Problem details —
Without including pictures, set down every record exactly as it stands.

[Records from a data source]
════════════════════
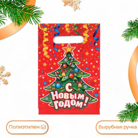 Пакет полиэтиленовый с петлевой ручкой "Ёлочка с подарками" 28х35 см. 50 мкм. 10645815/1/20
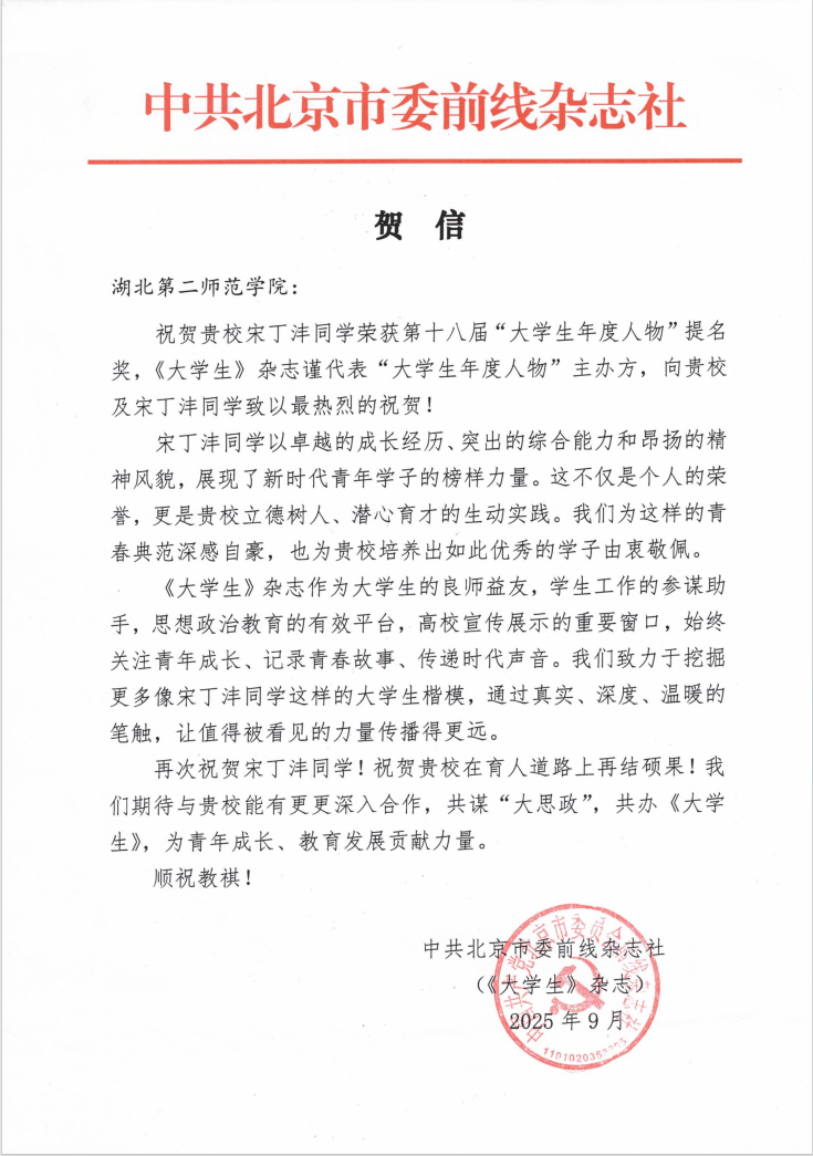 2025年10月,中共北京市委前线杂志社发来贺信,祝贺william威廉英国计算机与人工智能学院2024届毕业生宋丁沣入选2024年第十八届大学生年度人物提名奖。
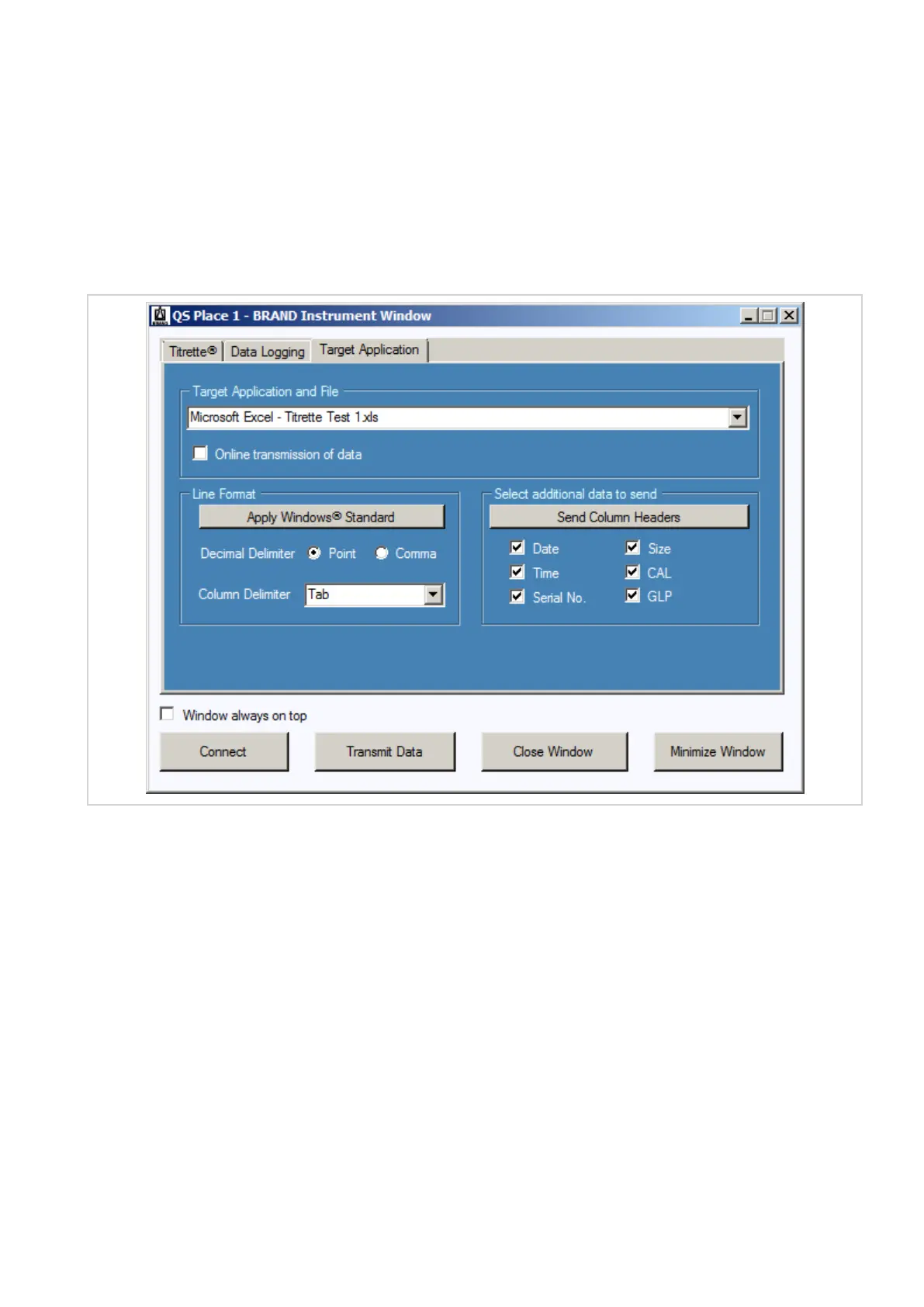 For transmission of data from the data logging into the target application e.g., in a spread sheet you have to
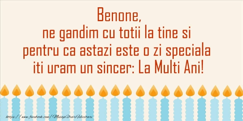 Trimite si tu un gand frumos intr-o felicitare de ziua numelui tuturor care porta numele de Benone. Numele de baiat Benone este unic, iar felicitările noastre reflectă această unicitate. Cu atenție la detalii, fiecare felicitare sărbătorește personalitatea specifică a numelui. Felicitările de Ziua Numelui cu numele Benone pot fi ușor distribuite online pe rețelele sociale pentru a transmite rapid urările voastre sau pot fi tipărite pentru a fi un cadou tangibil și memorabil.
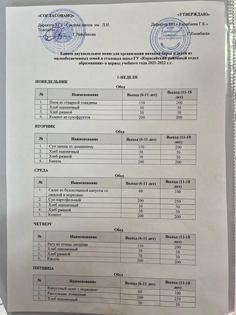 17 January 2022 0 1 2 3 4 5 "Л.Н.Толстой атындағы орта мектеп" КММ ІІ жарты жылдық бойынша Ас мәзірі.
════════════════════
Task answer —
 Пакет полиэтиленовый с петлевой ручкой "Ёлочка с подарками" 28х35 см. 50 мкм. 10645815/1/20
 2025年10月,中共北京市委前线杂志社发来贺信,祝贺william威廉英国计算机与人工智能学院2024届毕业生宋丁沣入选2024年第十八届大学生年度人物提名奖。
 For transmission of data from the data logging into the target application e.g., in a spread sheet you have to
 Trimite si tu un gand frumos intr-o felicitare de ziua numelui tuturor care porta numele de Benone. Numele de baiat Benone este unic, iar felicitările noastre reflectă această unicitate. Cu atenție la detalii, fiecare felicitare sărbătorește personalitatea specifică a numelui. Felicitările de Ziua Numelui cu numele Benone pot fi ușor distribuite online pe rețelele sociale pentru a transmite rapid urările voastre sau pot fi tipărite pentru a fi un cadou tangibil și memorabil.
 17 January 2022 0 1 2 3 4 5 "Л.Н.Толстой атындағы орта мектеп" КММ ІІ жарты жылдық бойынша Ас мәзірі.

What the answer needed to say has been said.